The strategic pivot, discussed at the Bernstein 42nd Annual Strategic Decisions Conference on May 28, 2026, is heavily driven by the economics of the airline’s co-branded credit card partnership with Chase. As noted by Gary Leff, Southwest aims to capture high-spending customers who currently defect to legacy carriers for premium experiences and aspirational redemptions.
This shift follows a series of foundational changes aimed at boosting profitability. Industry data indicates that Southwest introduced checked-bag fees in May 2025 and officially implemented assigned seating and extra-legroom options on January 27, 2026.
The Push for Premium: First Class and Lounges
For decades, Southwest built its brand identity on a simplified, low-cost model featuring open seating and no first-class cabins. However, reporting by View from the Wing highlights that within the next five years, the airline will likely introduce dedicated first-class cabins and a curated network of airport lounges.
The underlying motivation for these upgrades is loyalty program revenue. In the modern aviation industry, co-branded credit cards often generate more profit than the core business of flying passengers. To incentivize consumers to sign up for and spend heavily on Southwest Chase credit cards, the airline needs to offer high-value, aspirational redemption options. Without premium cabins or lounges, high-net-worth travelers have historically preferred credit cards from competitors like Delta, United, or American Airlines.
Expanding Horizons: Long-Haul International Flights
In addition to premium seating, Southwest plans to expand its route network significantly. The airline’s current footprint is limited to North America, Central America, and the Caribbean. However, CEO Bob Jordan confirmed plans to add 8 to 12 long-haul international destinations over the next five years, according to industry reports.

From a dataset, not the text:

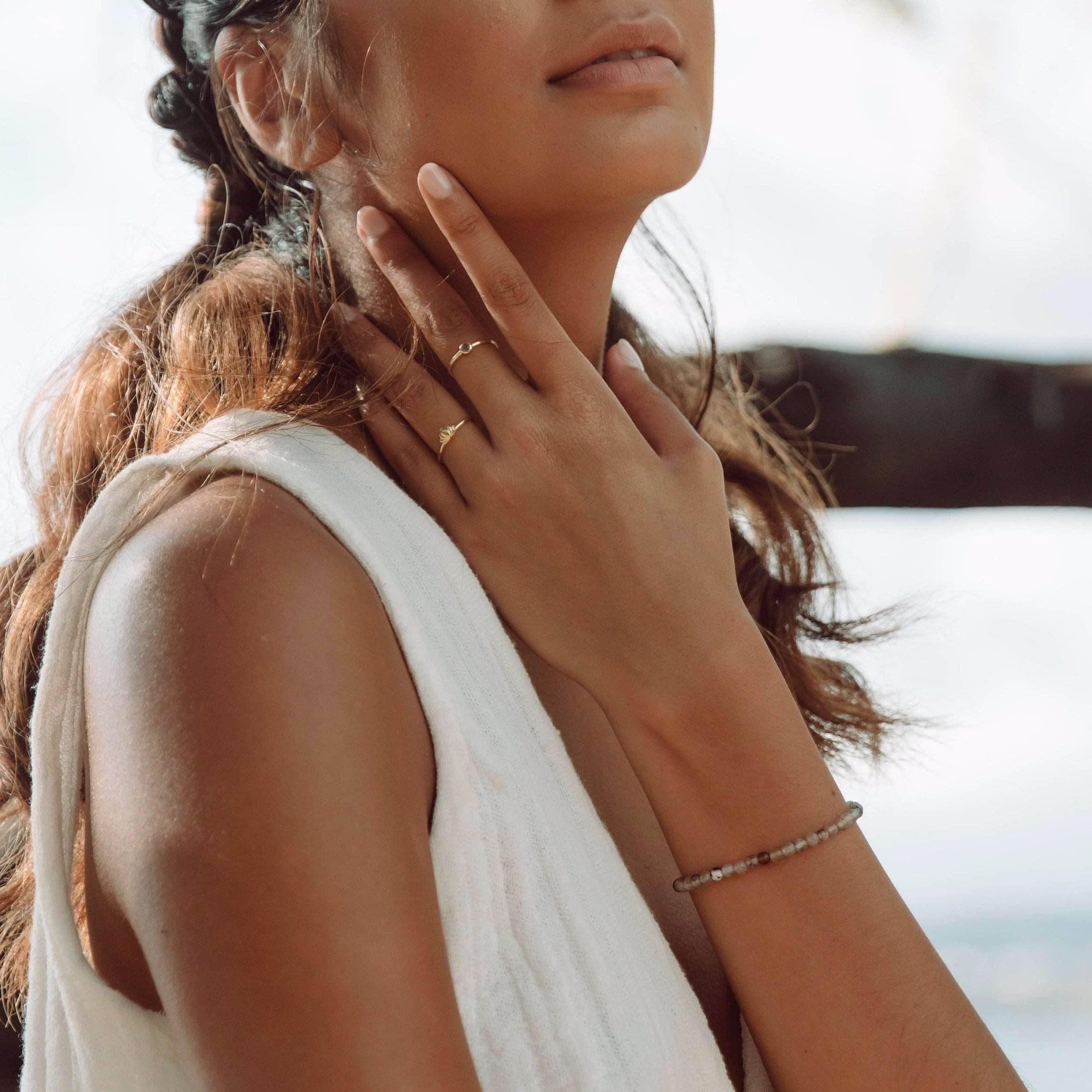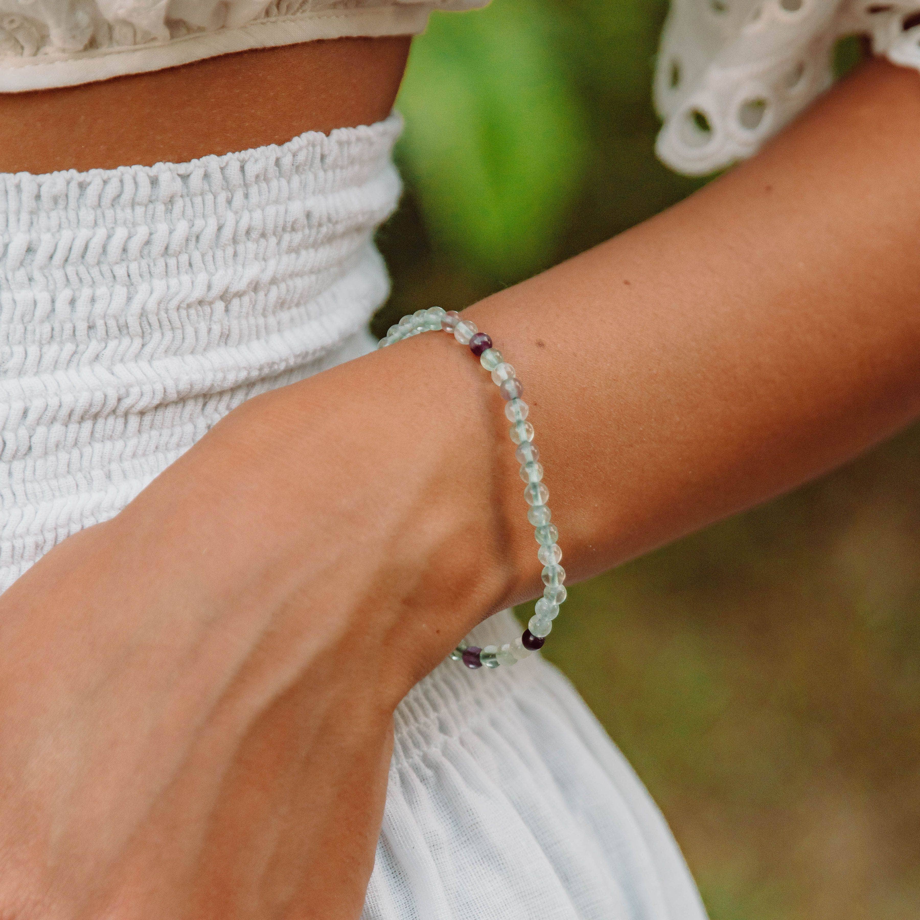 A fluctuation of color immediately captures the eye when wearing the Rainbow Fluorite Energy Bracelet. Along with its shifting shades of purple, green, and blue – this stone is all about creating the freedom of flow and yes to the power of possibility.

“I think it’s likely that we’ll, over that period of time, delve into long-haul international,” Jordan stated during the conference.
According to our research data, Jordan specifically highlighted Baltimore/Washington International Thurgood Marshall Airport (BWI) as a “natural hopping-off point” for transatlantic flights. This strategy leverages Southwest’s massive market share at BWI, which industry estimates place at over 70 percent.

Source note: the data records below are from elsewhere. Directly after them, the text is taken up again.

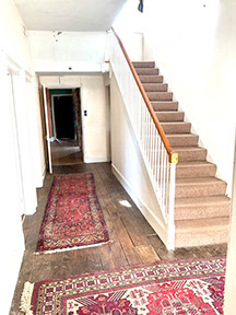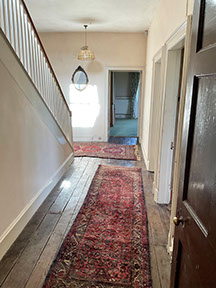 with Elm boarded floor, cloaks hanging space, servants’ bells, one single panel radiator, two single power points and a telephone point. A wide staircase leads off. A door gives access to an Understairs Cupboard, the original access steps to the Cellar currently being boarded over, the cellar being accessible externally from the courtyard.
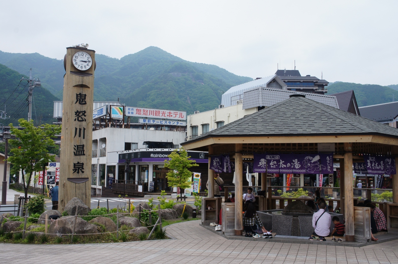 鬼怒川温泉駅の駅前の広場にある足湯です。誰でも自由に利用できるので、電車までの時間があまっている間に少し利用しました。「鬼怒太」というのは鬼怒川温泉のキャラクターなのだそうで、同じ広場には 鬼怒太の像もありました。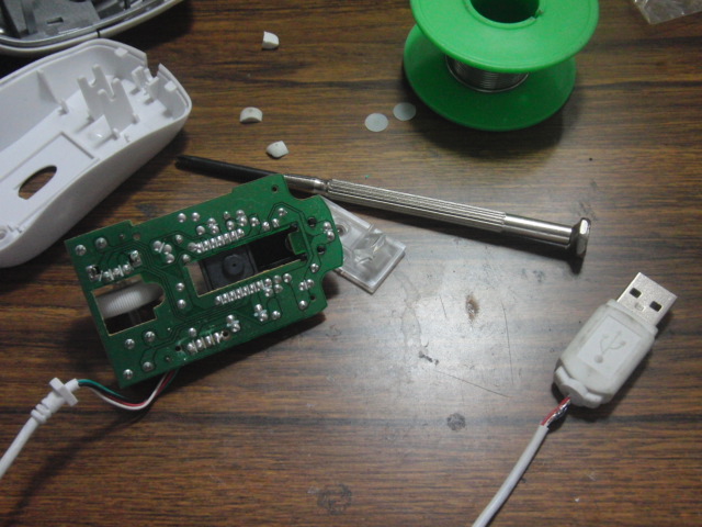 コンパクトで持ち運びに便利でお気に入りのマウスが壊れた.壊れたといっても,根本で断線しただけなので,被覆を剥いてハンダ付け.分解↓ハンダ付け↓最後はホットボンドで補修↓所要時間15分,1000円ちょっとで買ったマウスなので,人件費(自分の)を考えたら微妙.修理して動くようになるのも嬉しいので良しとしましょう.と思ったらコジマで380円↓ 人件費的には赤字ですね.合計5,000円以上で日本全国送料無料!更に代引き手数料も無料。【ポイント2倍】バッファロー USB接続 有線光学式マウス Sサイズ BSMOU05SWH <ホワイト>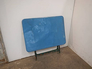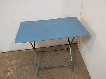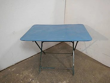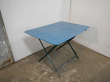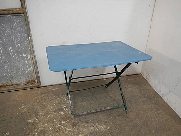 Folding rectangular iron garden table coloured blue and green, 1950s

Fleet Capabilities and Financial Validation
Southwest’s all-Boeing 737 fleet is well-equipped to handle this expansion. Industry specifications show that the 737-8 has a range of approximately 3,500 nautical miles, while the upcoming 737-7, for which Southwest is the launch customer, boasts a range of 3,800 nautical miles. Both aircraft are fully capable of reaching multiple destinations in Western Europe from U.S. East Coast hubs.

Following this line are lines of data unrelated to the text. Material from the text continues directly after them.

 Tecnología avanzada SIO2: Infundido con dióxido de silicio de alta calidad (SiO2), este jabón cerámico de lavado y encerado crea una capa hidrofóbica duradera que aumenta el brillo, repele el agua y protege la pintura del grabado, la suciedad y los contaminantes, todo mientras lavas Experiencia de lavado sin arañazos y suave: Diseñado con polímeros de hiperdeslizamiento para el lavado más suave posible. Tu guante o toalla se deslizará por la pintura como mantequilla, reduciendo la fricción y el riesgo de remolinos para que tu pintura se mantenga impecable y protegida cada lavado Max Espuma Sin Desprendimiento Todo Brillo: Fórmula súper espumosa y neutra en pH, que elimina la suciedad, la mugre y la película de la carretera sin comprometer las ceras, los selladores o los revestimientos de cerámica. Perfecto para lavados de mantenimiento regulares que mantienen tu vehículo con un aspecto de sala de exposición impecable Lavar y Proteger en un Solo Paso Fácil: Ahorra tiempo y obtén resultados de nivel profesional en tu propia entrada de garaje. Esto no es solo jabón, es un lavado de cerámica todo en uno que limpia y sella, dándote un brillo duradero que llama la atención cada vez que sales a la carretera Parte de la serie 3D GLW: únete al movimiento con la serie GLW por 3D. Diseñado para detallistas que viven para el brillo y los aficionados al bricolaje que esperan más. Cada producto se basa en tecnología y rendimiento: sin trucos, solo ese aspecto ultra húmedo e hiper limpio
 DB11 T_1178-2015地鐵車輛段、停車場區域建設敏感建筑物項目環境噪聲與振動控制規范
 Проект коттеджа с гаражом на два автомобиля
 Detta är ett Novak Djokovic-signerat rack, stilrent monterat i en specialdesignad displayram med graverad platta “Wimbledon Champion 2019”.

Financially, the initial phases of Southwest’s transformation are already yielding positive results. In the first quarter of 2026, the airline’s revenue per available seat mile (RASM) increased by 11.2 percent year-over-year, according to financial data, providing validation for the ongoing strategic shifts.
Balancing Modernization with Brand Identity
The push for modernization was heavily accelerated by Elliott Investment Group, an activist investor that acquired a significant stake in the airline. Although financial reports indicate Elliott reduced its stake from 16 percent to 9 percent in early 2026, the transformational trajectory they championed remains in full effect.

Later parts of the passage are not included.